This would be a great answer plus most box stores and lumber yards will cut sheet goods for you at no extra cost if you have a plan going in….........


----------



## Beginningwoodworker (May 5, 2008)

I thinking building double doors is a good idea.


----------



## 489tad (Feb 26, 2010)

Harley Davidson started in a 10' x 15' shop and look where they went! ( I went to the museum a couple of weeks ago.) I'm in a bay of a garage, sloped floor, most equipment is on wheels. If i cut a 8' long board I have open the refrigerator behind me to get it in the saw. If its a 4×8 sheet I have to move the frig or cut it someswhere else. I like the double door idea better. You can use the space above for storage.


----------



## derosa (Aug 21, 2010)

I would also push the idea of perhaps two sets of doors opposite each other. Mine is 21×21 and I run into trouble when dealing with 9-10' long boards from the mill. Just don't seem to have the clearance for setting it on and pushing it through. Doors would help a lot. Also, even though it is a shed, get 10' beams for better ceiling clearance.


----------



## helluvawreck (Jul 21, 2010)

Even two more feet would make a big difference. 16 ft works better than 14 ft and 18 ft works better than 16ft. Even 20ft x 20ft will be on the small side. However, you have to do what you can afford in the final analysis. Just try your best to squeeze the most out of your budget. You might design it so that you can add a shed type roof as an addition later on.


----------



## Beginningwoodworker (May 5, 2008)

Maybe!


----------



## JimDaddyO (Dec 20, 2009)

Not having a shop at all, I keep dreaming of a 14×20 shop in my backyard. The 12×12 leaky garden shed that I have now is both shop and storage, so the only way I can work is to drag the tools outside. This makes this time of year sad as I have to pack up for the winter. When you have nothing, even a small space that is out of the weather is an improvement.


----------



## Beginningwoodworker (May 5, 2008)

I've agree Jim.


----------



## Albert (Jul 28, 2008)

Figure out what you need, then triple it.


----------



## agallant (Jul 1, 2010)

I have a 14X18 shed/shop. I only keep my shop tools in it, no storage allowed. Like everyone else I wish I made it larger but you really only get to build it once so it is what I have. I did put double doors on it and I love them, it is great for getting things in and out of there.
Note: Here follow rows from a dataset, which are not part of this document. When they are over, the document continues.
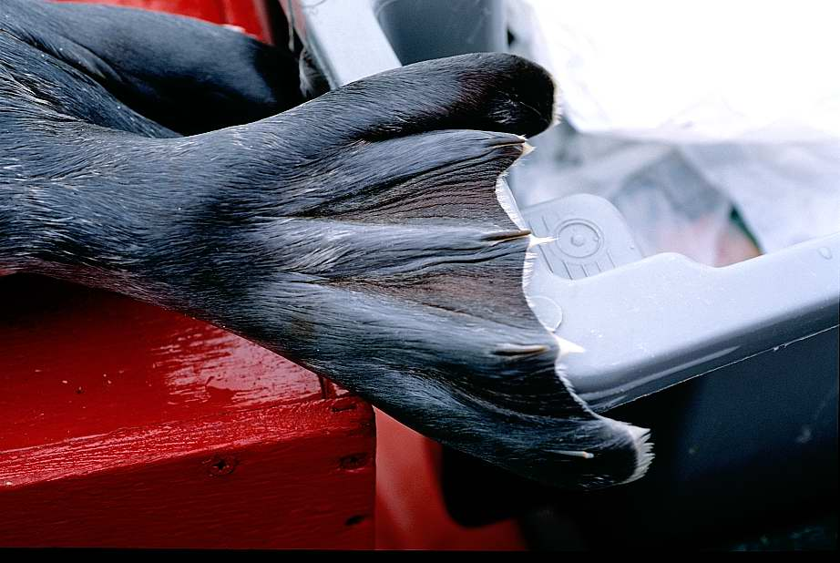 Ringed seal hunted in Hudson Strait off Cape Dorset (Nunavut, Canada)
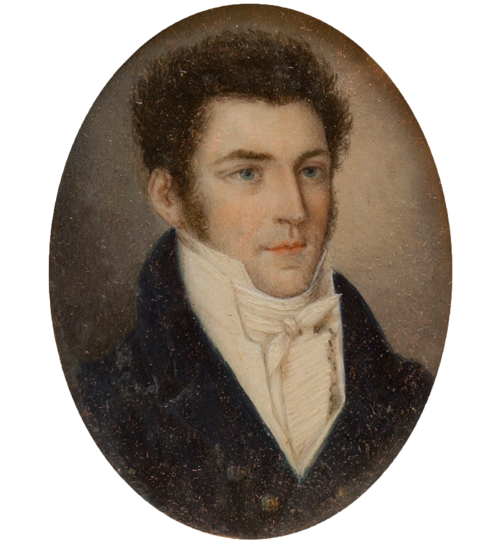 Oval Miniature of a young José Agustín de Lecubarri, Spanish diplomat, age 25.
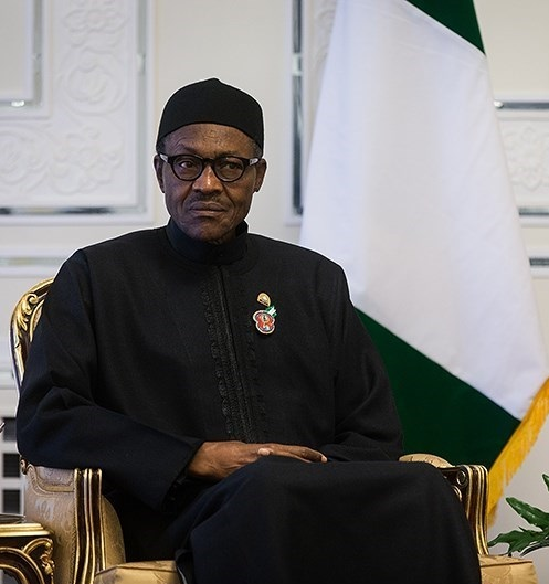 Muhammadu Buhari in a meeting with Iranian President Hassan Rouhani in Saadabad Palace, Tehran
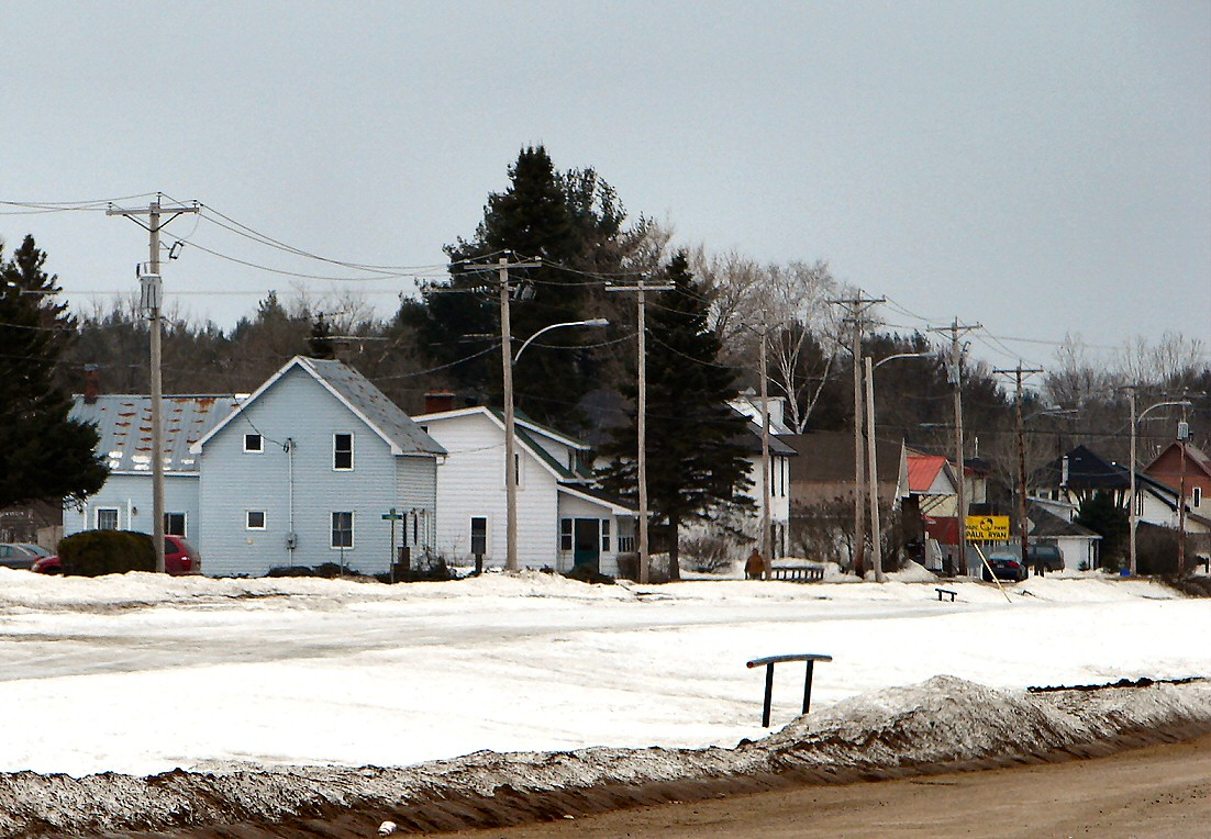 Waltham, Quebec, Canada

I have cut countless 4X8 sheets in the shop. I have to pull my saw in to the middle but I can do it. Most of the time though I will set up the saw horses outside and make rough cuts out there with the skill saw then clean them up on the TS. It's not ideal but it works.


----------



## helluvawreck (Jul 21, 2010)

*Jim* and *CJ*, I know the feeling. Up until 6 years ago I worked out of an open carport that is 18×18 but the cars used it also. I had an old antique wardrobe to hold my tools and I worked in the carport, driveway, or back yard. I finally enclosed it and shortly after I built a 7×9 storage room in one corner so my wife would have a place for her freezer and a little storage. Sooooo I essentially had about 3/4ths of the 18×18 sq ft room. Unfortunately I have to keep a center aisle clear because people have to go through my shop to the back door of the house which is not ideal. We have to do what we have to do. Hopefully you can strain your budget as much as you can and get the most you can to start with. I hope so. Good luck.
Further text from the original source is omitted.